> **YOUR TASK**: Return the lines of the material below exactly, beginning with the line that has "<祝!10周年>アプリ『スヌ" in it and finishing with the line that has "วันที่ 8 เมษายน" in it. Leave all pictures aside.

> **DATA UNDER STUDY**:
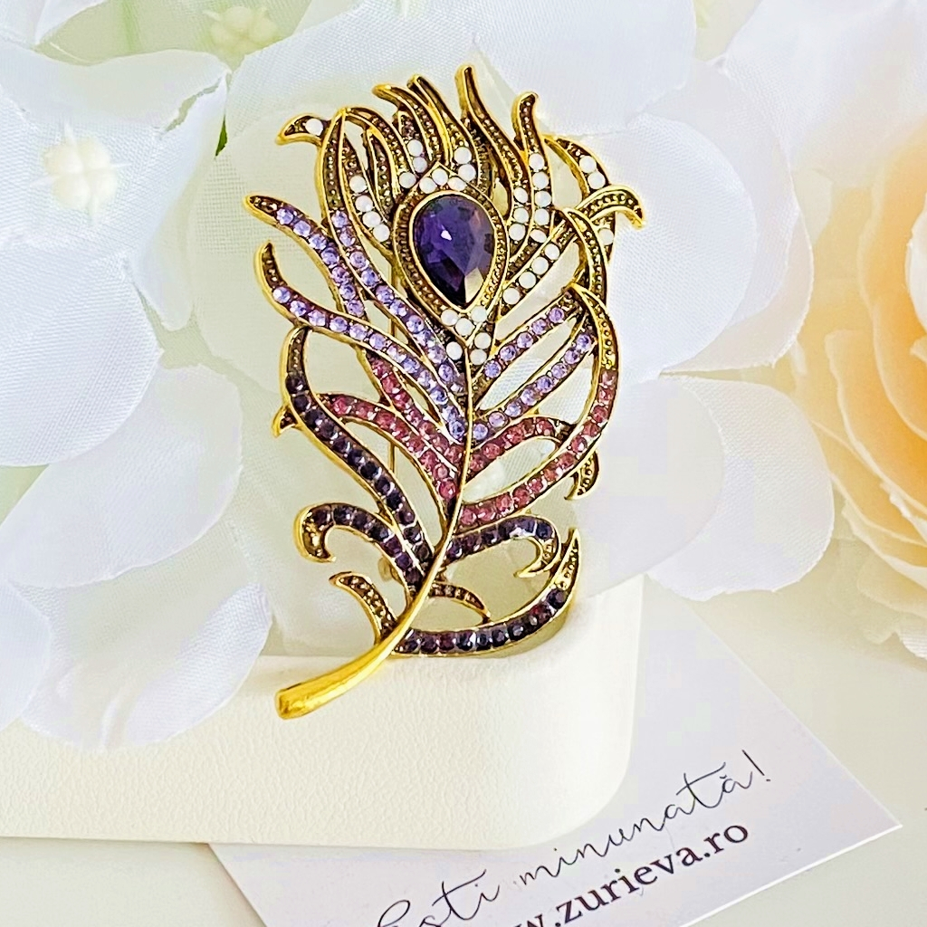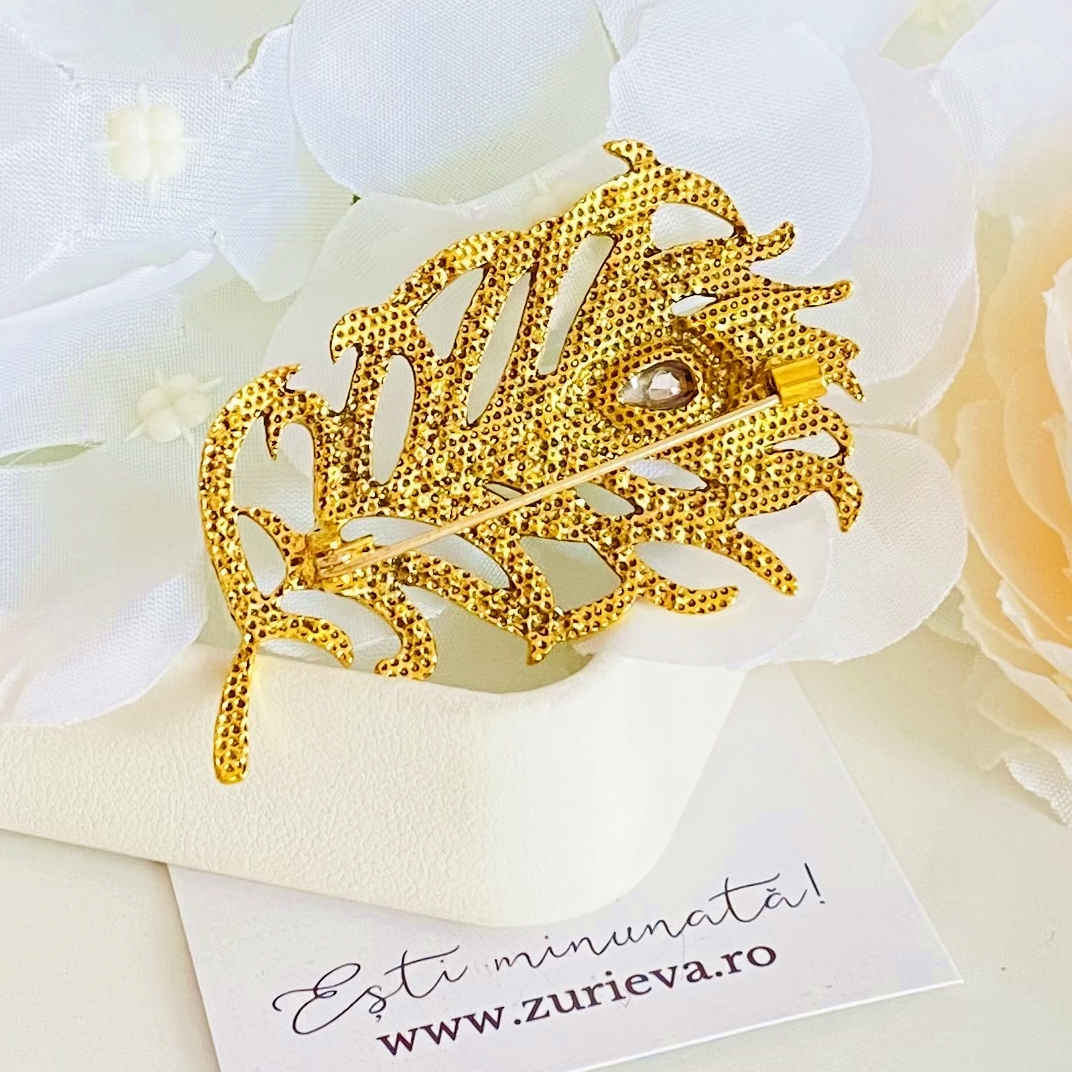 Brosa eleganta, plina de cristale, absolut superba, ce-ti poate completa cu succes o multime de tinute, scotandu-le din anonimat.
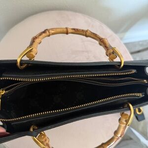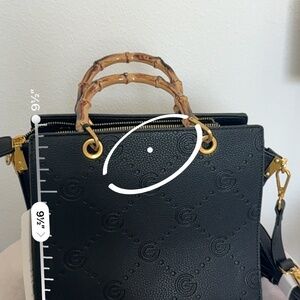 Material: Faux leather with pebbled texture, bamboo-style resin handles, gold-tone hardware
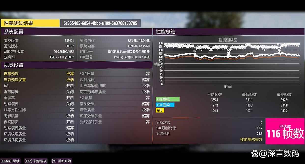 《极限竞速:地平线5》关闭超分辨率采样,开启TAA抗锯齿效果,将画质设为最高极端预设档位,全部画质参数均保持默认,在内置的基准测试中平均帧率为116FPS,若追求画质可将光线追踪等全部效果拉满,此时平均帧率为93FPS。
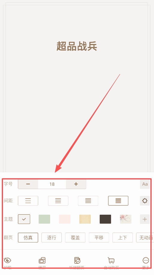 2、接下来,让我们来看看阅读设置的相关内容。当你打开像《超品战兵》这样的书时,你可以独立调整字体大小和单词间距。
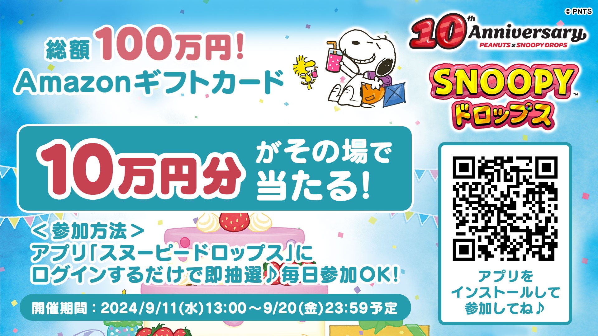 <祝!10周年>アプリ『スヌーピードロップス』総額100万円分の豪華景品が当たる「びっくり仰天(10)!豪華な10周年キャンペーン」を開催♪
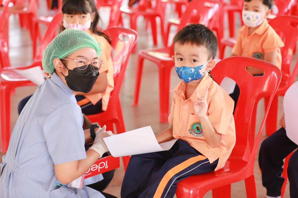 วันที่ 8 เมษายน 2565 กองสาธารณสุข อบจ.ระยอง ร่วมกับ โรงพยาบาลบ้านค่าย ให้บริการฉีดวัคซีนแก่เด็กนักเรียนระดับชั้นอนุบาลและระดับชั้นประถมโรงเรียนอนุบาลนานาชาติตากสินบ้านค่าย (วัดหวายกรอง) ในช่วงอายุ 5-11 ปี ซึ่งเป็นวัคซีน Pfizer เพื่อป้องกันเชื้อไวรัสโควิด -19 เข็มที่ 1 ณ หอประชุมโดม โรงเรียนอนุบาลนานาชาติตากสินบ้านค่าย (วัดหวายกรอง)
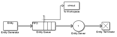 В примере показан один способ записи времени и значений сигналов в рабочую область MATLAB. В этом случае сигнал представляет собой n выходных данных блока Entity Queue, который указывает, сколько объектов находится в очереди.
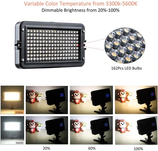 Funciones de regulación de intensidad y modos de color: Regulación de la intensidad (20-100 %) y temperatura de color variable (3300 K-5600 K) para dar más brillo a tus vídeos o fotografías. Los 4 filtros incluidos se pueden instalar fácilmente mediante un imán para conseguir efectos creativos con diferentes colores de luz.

---

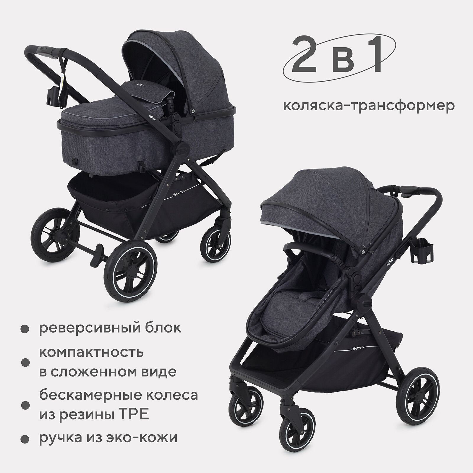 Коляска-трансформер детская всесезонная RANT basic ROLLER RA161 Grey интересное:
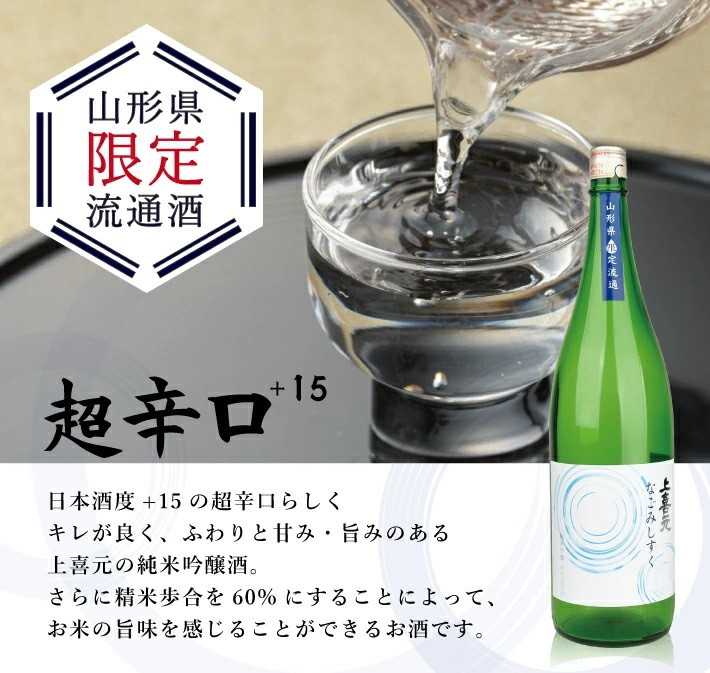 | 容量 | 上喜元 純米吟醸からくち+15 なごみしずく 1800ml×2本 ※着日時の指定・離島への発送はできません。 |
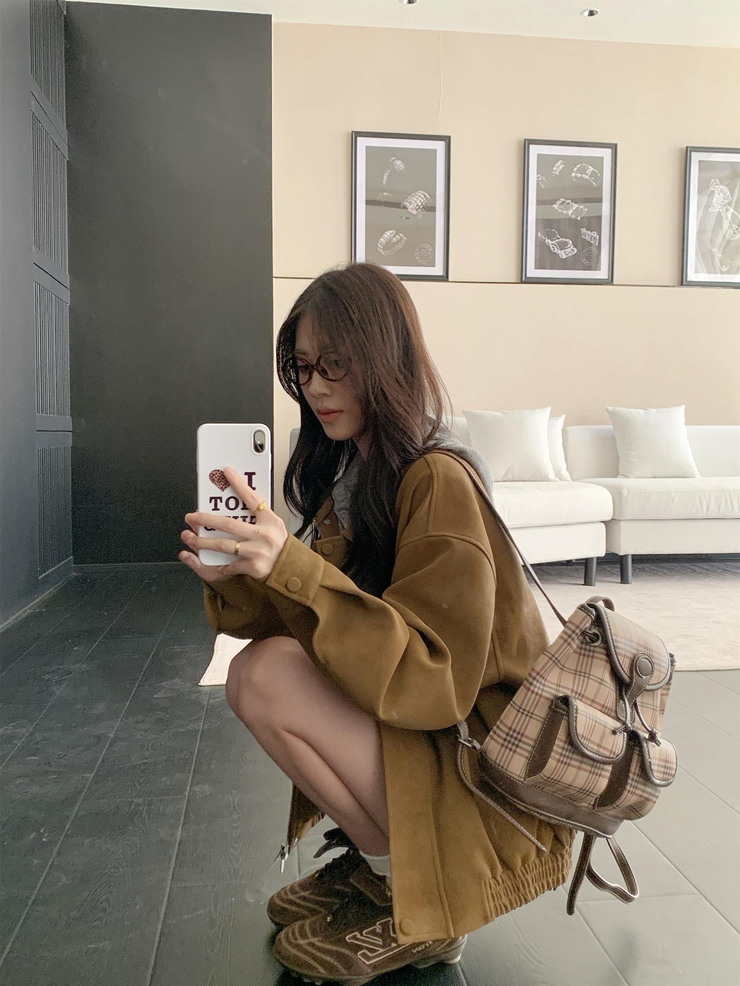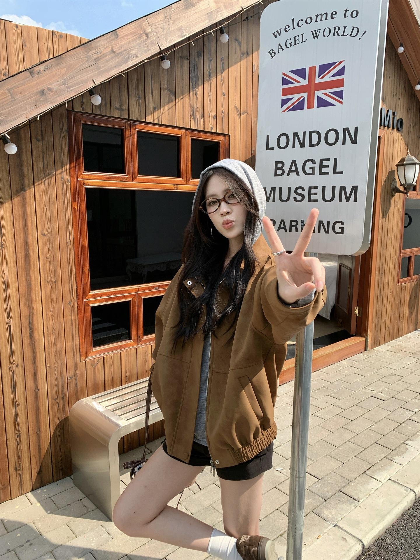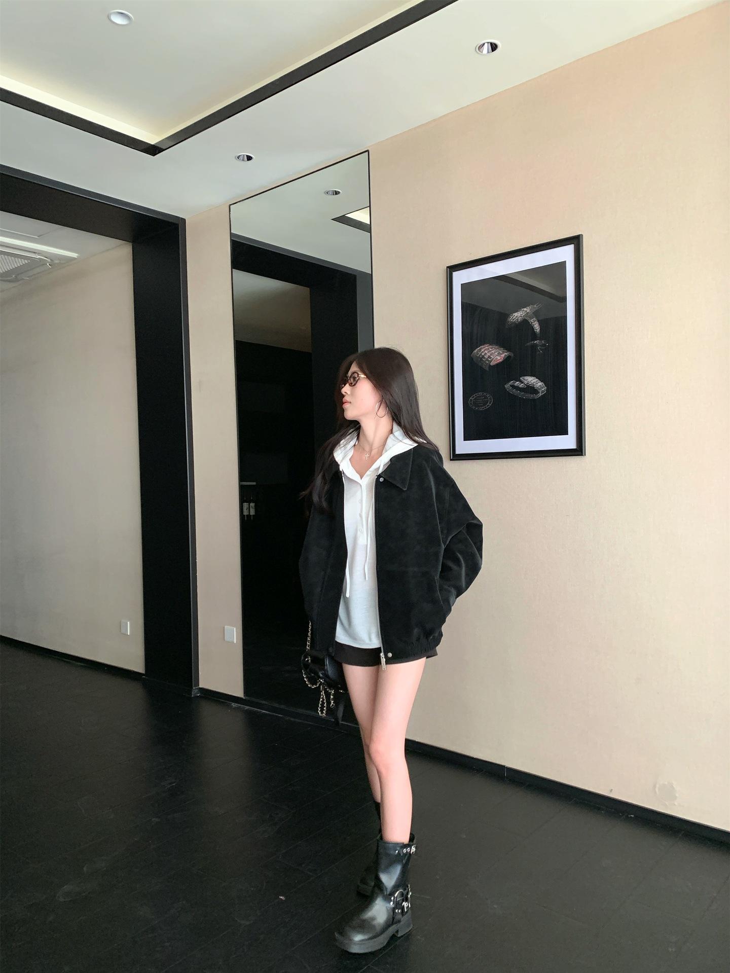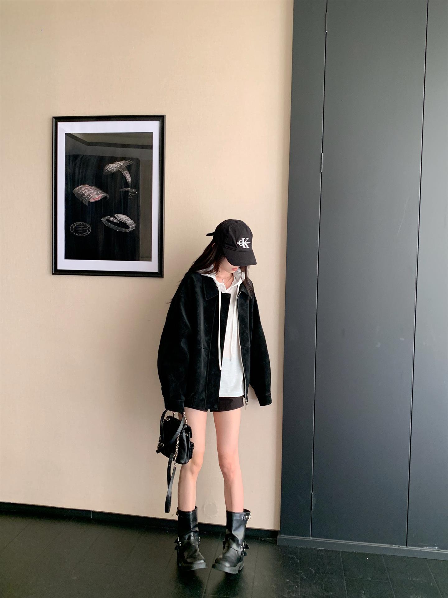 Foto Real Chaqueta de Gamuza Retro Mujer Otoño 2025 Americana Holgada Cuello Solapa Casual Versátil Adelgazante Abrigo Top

> **SOLUTION**:
 <祝!10周年>アプリ『スヌーピードロップス』総額100万円分の豪華景品が当たる「びっくり仰天(10)!豪華な10周年キャンペーン」を開催♪
 วันที่ 8 เมษายน 2565 กองสาธารณสุข อบจ.ระยอง ร่วมกับ โรงพยาบาลบ้านค่าย ให้บริการฉีดวัคซีนแก่เด็กนักเรียนระดับชั้นอนุบาลและระดับชั้นประถมโรงเรียนอนุบาลนานาชาติตากสินบ้านค่าย (วัดหวายกรอง) ในช่วงอายุ 5-11 ปี ซึ่งเป็นวัคซีน Pfizer เพื่อป้องกันเชื้อไวรัสโควิด -19 เข็มที่ 1 ณ หอประชุมโดม โรงเรียนอนุบาลนานาชาติตากสินบ้านค่าย (วัดหวายกรอง)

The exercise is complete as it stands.